◆ WORK TO BE COMPLETED: Show every line below where "trainer" can be found.

◆ AVAILABLE DATA:
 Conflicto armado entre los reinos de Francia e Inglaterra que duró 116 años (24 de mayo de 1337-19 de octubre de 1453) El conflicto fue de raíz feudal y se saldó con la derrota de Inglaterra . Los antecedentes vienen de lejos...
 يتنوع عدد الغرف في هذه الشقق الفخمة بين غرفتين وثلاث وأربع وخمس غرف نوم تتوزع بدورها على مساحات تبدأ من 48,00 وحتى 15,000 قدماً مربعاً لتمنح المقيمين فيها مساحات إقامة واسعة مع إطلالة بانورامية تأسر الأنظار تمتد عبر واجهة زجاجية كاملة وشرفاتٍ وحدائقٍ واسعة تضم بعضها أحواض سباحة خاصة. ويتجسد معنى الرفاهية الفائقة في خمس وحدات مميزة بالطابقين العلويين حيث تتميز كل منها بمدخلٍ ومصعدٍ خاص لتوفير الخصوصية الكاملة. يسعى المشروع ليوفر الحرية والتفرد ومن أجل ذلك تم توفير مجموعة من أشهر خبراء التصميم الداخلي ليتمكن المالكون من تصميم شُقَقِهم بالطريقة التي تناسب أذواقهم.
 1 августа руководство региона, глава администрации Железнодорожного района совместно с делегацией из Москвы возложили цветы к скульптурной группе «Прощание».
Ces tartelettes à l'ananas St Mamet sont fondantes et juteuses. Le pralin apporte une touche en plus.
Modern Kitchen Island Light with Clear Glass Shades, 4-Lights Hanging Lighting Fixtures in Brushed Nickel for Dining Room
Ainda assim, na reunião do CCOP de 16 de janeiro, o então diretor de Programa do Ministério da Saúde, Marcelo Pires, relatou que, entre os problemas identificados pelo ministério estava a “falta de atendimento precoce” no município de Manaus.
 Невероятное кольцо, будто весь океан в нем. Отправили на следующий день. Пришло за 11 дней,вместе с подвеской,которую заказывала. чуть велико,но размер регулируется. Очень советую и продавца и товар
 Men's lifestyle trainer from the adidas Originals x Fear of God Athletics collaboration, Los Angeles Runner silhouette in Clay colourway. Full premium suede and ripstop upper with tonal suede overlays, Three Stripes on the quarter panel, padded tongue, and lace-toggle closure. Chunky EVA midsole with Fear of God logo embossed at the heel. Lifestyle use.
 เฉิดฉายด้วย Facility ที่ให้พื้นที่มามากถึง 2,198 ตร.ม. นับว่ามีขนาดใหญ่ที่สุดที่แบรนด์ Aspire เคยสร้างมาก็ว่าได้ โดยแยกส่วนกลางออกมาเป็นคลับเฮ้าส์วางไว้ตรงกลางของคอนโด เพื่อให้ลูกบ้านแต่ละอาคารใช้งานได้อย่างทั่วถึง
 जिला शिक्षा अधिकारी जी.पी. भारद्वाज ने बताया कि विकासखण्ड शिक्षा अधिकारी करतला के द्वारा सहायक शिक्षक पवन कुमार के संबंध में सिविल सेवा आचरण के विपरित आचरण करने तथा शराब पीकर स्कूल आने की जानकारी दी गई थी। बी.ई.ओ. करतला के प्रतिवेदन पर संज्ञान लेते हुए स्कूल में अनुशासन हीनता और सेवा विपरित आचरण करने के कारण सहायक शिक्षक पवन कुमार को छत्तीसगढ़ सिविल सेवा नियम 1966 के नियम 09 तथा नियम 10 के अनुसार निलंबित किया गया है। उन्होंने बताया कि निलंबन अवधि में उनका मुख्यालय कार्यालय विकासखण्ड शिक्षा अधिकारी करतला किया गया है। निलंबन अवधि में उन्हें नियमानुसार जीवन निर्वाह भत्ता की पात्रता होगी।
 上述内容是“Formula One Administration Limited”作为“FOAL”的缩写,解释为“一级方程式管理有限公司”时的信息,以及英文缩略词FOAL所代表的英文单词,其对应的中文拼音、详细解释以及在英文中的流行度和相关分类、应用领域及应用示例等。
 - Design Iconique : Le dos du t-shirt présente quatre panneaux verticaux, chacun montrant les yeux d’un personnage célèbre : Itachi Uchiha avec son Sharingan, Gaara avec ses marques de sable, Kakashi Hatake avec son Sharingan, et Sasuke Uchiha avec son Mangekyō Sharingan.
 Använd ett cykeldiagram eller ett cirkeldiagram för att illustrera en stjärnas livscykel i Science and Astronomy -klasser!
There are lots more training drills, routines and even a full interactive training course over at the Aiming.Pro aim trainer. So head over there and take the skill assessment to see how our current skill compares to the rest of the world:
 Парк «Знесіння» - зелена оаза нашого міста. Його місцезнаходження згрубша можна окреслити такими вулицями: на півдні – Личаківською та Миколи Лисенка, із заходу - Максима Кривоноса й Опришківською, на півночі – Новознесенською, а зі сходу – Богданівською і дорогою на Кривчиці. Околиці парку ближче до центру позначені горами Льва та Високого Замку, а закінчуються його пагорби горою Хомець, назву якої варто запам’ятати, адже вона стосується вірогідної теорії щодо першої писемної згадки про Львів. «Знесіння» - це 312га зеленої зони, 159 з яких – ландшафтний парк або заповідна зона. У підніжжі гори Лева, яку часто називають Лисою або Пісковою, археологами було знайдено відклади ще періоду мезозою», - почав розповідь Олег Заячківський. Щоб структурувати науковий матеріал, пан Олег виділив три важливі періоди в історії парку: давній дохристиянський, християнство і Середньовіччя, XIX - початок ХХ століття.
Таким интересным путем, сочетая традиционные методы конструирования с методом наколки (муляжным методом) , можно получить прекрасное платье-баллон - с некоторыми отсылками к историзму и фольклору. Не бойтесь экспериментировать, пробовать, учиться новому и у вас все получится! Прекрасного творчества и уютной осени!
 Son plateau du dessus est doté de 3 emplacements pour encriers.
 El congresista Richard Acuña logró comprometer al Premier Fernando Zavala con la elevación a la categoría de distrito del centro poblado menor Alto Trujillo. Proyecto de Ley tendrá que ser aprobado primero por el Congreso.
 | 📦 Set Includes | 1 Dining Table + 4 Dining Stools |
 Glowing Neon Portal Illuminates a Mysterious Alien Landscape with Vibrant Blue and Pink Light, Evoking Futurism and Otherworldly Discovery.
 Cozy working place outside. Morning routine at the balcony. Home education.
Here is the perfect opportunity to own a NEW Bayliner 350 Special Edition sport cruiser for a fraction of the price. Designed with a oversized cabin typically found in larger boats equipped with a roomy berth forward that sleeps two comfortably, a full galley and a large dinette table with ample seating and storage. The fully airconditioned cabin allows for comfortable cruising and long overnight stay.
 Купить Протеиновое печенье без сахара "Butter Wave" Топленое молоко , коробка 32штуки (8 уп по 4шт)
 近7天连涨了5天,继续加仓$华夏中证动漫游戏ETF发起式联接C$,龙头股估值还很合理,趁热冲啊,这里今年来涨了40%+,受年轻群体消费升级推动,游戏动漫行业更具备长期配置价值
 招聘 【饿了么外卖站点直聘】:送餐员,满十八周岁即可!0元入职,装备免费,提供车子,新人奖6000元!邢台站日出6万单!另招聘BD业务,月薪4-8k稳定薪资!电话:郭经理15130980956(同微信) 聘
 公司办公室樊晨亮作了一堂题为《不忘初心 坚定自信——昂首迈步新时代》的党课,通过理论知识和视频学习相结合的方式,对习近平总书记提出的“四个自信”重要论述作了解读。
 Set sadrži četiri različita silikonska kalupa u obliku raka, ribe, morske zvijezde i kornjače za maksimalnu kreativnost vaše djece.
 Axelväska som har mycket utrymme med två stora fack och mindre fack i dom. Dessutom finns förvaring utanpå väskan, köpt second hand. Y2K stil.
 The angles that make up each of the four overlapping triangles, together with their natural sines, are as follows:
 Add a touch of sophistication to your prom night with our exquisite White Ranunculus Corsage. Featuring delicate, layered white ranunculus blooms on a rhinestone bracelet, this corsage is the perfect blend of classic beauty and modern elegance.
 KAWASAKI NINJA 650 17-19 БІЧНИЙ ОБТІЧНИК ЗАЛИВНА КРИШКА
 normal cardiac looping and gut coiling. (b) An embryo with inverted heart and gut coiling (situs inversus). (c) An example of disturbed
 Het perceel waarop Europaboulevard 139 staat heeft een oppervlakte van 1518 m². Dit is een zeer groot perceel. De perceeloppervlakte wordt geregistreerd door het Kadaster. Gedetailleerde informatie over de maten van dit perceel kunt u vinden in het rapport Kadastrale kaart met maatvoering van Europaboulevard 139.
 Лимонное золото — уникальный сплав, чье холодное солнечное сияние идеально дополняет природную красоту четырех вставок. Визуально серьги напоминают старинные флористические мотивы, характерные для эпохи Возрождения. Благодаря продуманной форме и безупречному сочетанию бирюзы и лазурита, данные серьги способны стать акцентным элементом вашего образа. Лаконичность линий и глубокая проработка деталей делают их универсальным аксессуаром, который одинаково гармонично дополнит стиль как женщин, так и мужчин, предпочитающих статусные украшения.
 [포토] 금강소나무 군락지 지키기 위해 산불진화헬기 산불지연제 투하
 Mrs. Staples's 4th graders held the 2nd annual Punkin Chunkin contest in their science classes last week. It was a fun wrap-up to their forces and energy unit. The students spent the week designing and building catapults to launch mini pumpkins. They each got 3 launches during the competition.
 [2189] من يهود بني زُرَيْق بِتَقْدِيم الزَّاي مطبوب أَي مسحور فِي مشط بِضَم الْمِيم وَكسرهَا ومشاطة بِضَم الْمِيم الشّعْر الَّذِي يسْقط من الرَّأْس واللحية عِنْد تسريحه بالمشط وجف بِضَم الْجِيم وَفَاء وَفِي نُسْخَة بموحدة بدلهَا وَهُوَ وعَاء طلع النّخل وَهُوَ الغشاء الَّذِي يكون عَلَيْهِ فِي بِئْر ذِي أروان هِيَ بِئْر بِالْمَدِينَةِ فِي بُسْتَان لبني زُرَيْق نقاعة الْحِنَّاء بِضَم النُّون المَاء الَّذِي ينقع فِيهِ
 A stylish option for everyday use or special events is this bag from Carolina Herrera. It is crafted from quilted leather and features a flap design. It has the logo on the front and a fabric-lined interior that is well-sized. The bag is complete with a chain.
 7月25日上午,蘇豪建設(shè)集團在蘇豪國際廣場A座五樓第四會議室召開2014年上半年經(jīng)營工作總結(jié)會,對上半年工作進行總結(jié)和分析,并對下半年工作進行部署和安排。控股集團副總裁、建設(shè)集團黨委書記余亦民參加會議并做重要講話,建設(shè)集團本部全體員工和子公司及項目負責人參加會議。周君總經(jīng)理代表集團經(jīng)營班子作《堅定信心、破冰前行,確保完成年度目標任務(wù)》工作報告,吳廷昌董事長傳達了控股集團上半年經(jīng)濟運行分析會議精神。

◆ ANSWER TO THIS TASK:
 Men's lifestyle trainer from the adidas Originals x Fear of God Athletics collaboration, Los Angeles Runner silhouette in Clay colourway. Full premium suede and ripstop upper with tonal suede overlays, Three Stripes on the quarter panel, padded tongue, and lace-toggle closure. Chunky EVA midsole with Fear of God logo embossed at the heel. Lifestyle use.
There are lots more training drills, routines and even a full interactive training course over at the Aiming.Pro aim trainer. So head over there and take the skill assessment to see how our current skill compares to the rest of the world:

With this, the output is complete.